Dataset items:
═══

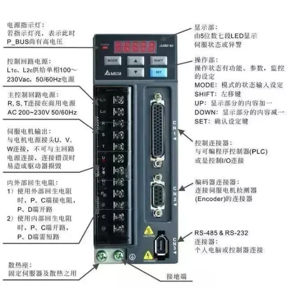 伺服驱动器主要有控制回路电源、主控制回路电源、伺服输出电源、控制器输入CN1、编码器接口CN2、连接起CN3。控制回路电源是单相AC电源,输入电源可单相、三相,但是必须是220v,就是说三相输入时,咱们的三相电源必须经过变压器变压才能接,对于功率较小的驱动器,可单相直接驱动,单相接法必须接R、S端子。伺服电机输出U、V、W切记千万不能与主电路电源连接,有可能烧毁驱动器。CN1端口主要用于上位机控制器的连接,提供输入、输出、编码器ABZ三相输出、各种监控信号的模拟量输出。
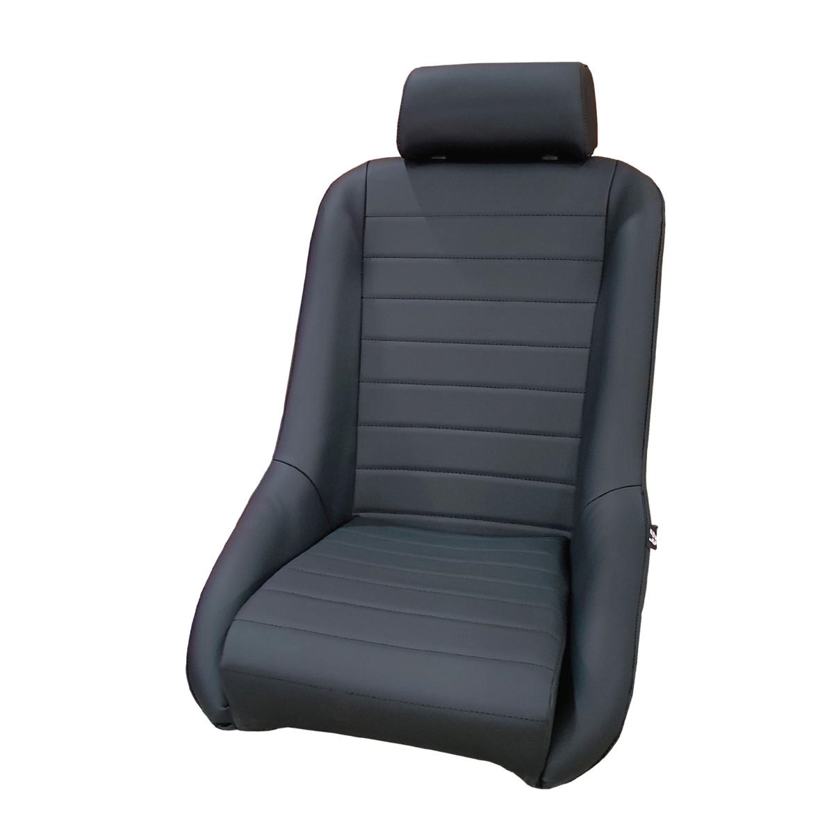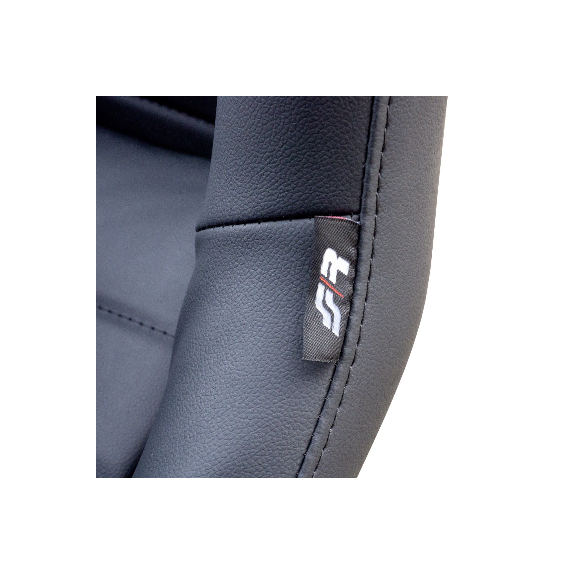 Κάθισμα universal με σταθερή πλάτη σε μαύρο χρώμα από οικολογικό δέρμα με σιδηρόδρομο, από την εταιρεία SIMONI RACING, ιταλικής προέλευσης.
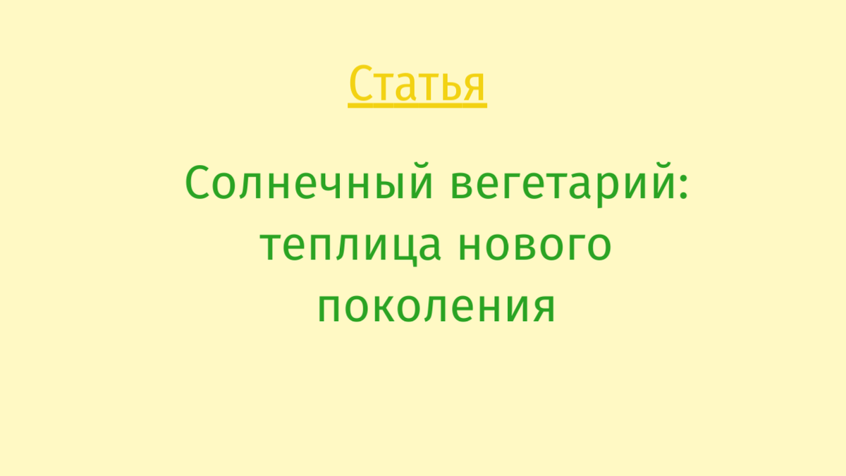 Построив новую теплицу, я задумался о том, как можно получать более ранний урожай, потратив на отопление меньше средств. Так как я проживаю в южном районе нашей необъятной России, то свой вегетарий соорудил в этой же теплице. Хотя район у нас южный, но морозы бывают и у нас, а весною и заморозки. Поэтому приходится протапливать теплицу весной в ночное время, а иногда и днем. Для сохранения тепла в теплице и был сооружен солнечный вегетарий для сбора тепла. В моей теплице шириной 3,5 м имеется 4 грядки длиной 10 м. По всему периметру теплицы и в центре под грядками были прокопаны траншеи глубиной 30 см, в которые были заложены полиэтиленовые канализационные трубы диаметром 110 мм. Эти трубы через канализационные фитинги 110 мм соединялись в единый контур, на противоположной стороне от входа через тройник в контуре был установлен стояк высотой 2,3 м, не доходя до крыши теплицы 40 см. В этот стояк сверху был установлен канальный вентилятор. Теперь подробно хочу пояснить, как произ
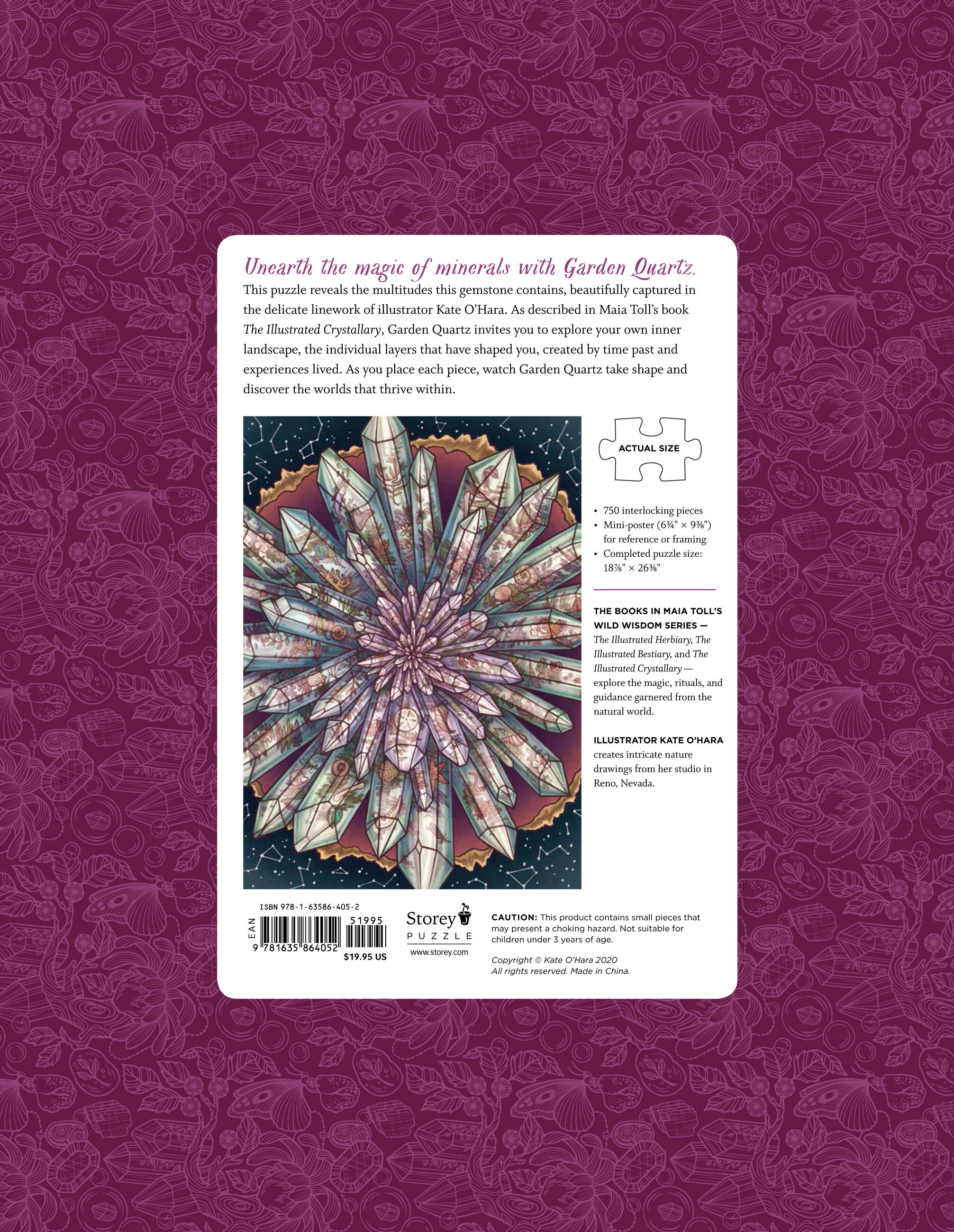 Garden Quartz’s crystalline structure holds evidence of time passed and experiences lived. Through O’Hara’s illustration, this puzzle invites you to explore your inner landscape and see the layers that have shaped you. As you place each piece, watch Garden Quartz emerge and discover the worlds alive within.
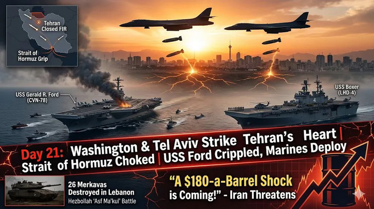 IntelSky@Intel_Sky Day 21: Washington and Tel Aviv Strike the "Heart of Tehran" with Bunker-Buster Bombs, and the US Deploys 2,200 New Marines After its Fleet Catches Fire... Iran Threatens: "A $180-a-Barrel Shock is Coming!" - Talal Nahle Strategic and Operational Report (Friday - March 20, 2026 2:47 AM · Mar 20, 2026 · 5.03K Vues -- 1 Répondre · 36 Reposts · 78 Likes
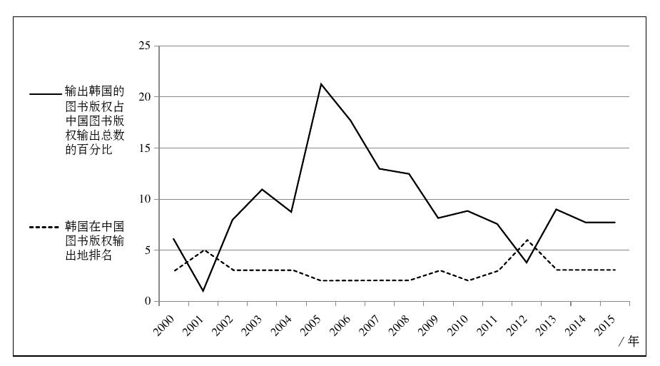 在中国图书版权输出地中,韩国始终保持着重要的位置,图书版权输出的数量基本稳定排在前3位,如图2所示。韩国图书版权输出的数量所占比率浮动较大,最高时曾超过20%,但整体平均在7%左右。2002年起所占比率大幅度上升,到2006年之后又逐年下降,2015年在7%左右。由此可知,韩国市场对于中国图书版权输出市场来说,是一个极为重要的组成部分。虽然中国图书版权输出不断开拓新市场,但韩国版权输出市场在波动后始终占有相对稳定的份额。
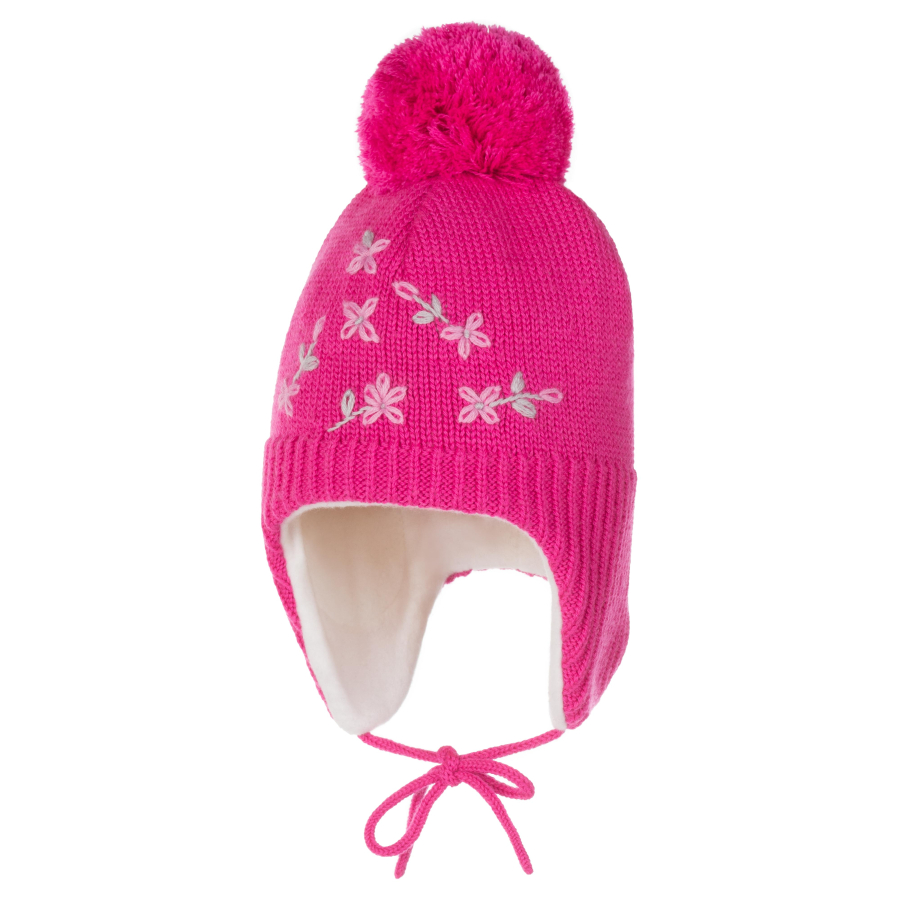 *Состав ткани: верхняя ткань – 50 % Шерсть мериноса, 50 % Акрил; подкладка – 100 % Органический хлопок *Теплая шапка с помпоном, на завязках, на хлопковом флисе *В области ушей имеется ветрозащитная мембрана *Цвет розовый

═══

Please reproduce the lines above from the one containing "在中国图书版权输出地中,韩国" through the final line, exactly and inclusively, leaving out each picture.

■ Exercise answer:
 在中国图书版权输出地中,韩国始终保持着重要的位置,图书版权输出的数量基本稳定排在前3位,如图2所示。韩国图书版权输出的数量所占比率浮动较大,最高时曾超过20%,但整体平均在7%左右。2002年起所占比率大幅度上升,到2006年之后又逐年下降,2015年在7%左右。由此可知,韩国市场对于中国图书版权输出市场来说,是一个极为重要的组成部分。虽然中国图书版权输出不断开拓新市场,但韩国版权输出市场在波动后始终占有相对稳定的份额。
 *Состав ткани: верхняя ткань – 50 % Шерсть мериноса, 50 % Акрил; подкладка – 100 % Органический хлопок *Теплая шапка с помпоном, на завязках, на хлопковом флисе *В области ушей имеется ветрозащитная мембрана *Цвет розовый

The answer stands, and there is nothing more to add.